Шрифт:
Интервал:
Закладка:
Ну, ни дать, ни взять — заботливая родительница! Прямо мамаша из анекдота!..
Дом у залива
— Дора. — Тихо сказала я. — Ты можешь быть сейчас моей подругой?
— Я всегда твоя подруга. — Её голос чуть смягчился.
— Скажи, вы разговаривали с ним?
— Да. — Она уже готова была рассказать всё без моих наводящих вопросов, но из упрямства продолжала держать фасон.
— О чём вы говорили?
— И о тебе тоже.
— Дорочка, я сейчас тебя задушу.
— Он сказал, что совсем недавно узнал… о твоей… о том что случилось… Он работает по контракту в Берлине.
Девятнадцать лет тому назад
Летом — первым летом после нашего знакомства — мы съездили с Вадимом на несколько дней в Архангельск. Там он и рассказал мне свою историю. Он свозил меня в Троицкое, в ту самую церковь, и на могилу своей любимой Риты.
С овального портрета улыбалась большеглазая девушка. Вадим сначала коснулся пальцами её лица, словно поправляя прядь волнистых светлых волос, упавших на щёку, потом обнял меня и сказал:
— Рита, это Зоя, я говорил тебе о ней.
Я уткнулась ему в плечо и заплакала.
Потом он почти то же сказал своему папе.
* * *
Отец Вадима по роду службы, часто отсутствовал. Но сын видел их с мамой взаимную привязанность и в моменты встреч после разлуки, и в обыденной жизни. Он рос в счастливой дружной семье.
Мама должна была вот-вот родить второго ребёнка, когда папин самолёт взорвался в воздухе над тайгой. Ничего не удалось найти, что могло бы стать памятью, или что можно было бы похоронить. Мама родила мёртвую девочку и два года провела в больнице — в какой, Вадим только позже смог догадаться.

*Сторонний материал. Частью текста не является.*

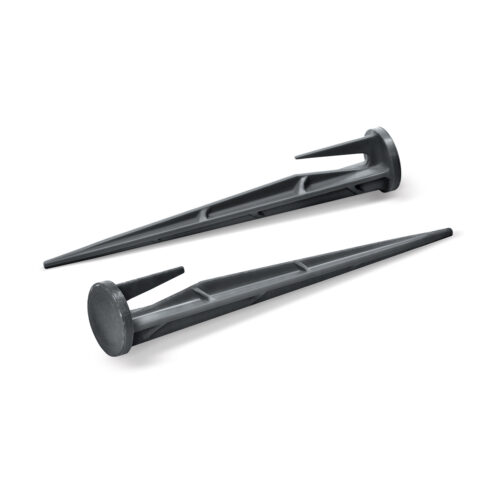 Kołki mocujące służą do solidnego przytwierdzania obrzeży trawnikowych oraz materiałów ogrodniczych, takich jak folie, maty szkółkarskie, siatki, tkaniny i włókniny. Zapewniają stabilność zamocowanych elementów i ograniczają ich przemieszczanie się, sprawdzając się zarówno w lekkiej, piaszczystej glebie, jak i w bardziej zbitym, twardym gruncie.

Эти два года он жил у родственников. Потом вернулась мама, но жизнь стала совсем-совсем другой. Мама была уже не той, и дом стал холодным и пустым.
Вадим обрадовался её возвращению, хоть и не узнавал в ней своей прежней мамы — весёлой и гораздой на всякие затеи, с которой всегда было интересно, с которой даже уборка квартиры превращалась в забаву. Его сердце сжалось от боли, и он решил… нет, такое не решается, не планируется… он просто сделался для мамы всем, чем мог быть, на что хватало его сил, ума, души. Он взял на себя обязанности мужчины в доме — как учил всякий раз папа, отправляясь в очередную командировку. Это означало, что хлеб и молоко необходимо покупать без напоминаний, мусор выносить по вечерам, содержать свою комнату в порядке и множество прочих мелочей, которые «дисциплинируют и закаляют волю и характер мужчины».
Мама больше не могла преподавать школьникам русский язык и литературу и работала в библиотеке. Вадим шёл туда после занятий и проводил вместе с ней остаток дня. Он делал уроки, а потом читал, читал, читал. Он любил книги о путешествиях и приключениях, перечитывал Хейердала и Федосеева, Арсеньева и Рокуэла Кента и мечтал стать исследователем и путешественником.
А потом они шли домой.
Вот откуда такая ранняя взрослость, подумала я. Но это, оказалось, ещё не всё.
Однажды тёмным вечером в подворотне рядом с домом на них с мамой налетела шайка — пять-шесть подростков. Один из них выхватил мамину сумочку, другой оттолкнул Вадима — больно и далеко, и все стали окружать и теснить маму, выкрикивая всякие гнусности. Вадим, придя в себя, кинулся со звериным рёвом на обидчиков, но они только лягали его ногами, отталкивая, словно назойливую шавку.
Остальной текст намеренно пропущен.